Exact reproduction is required for the lines below starting at the line with "Young attractive elegant" and ending at the line with "Alyson – Décolleté", both included. No other lines, and no pictures.

** DATA UNDER STUDY **
━━━━━━━━━━━━━━━━
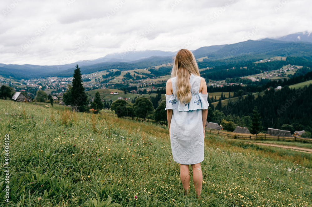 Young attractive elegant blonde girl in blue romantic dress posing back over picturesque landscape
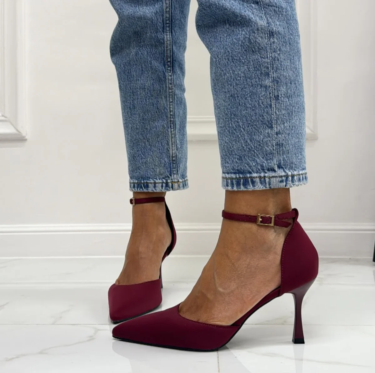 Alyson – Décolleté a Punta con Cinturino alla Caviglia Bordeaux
━━━━━━━━━━━━━━━━
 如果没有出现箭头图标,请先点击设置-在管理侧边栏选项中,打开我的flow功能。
━━━━━━━━━━━━━━━━
** ANSWER SPACE **
 Young attractive elegant blonde girl in blue romantic dress posing back over picturesque landscape
 Alyson – Décolleté a Punta con Cinturino alla Caviglia Bordeaux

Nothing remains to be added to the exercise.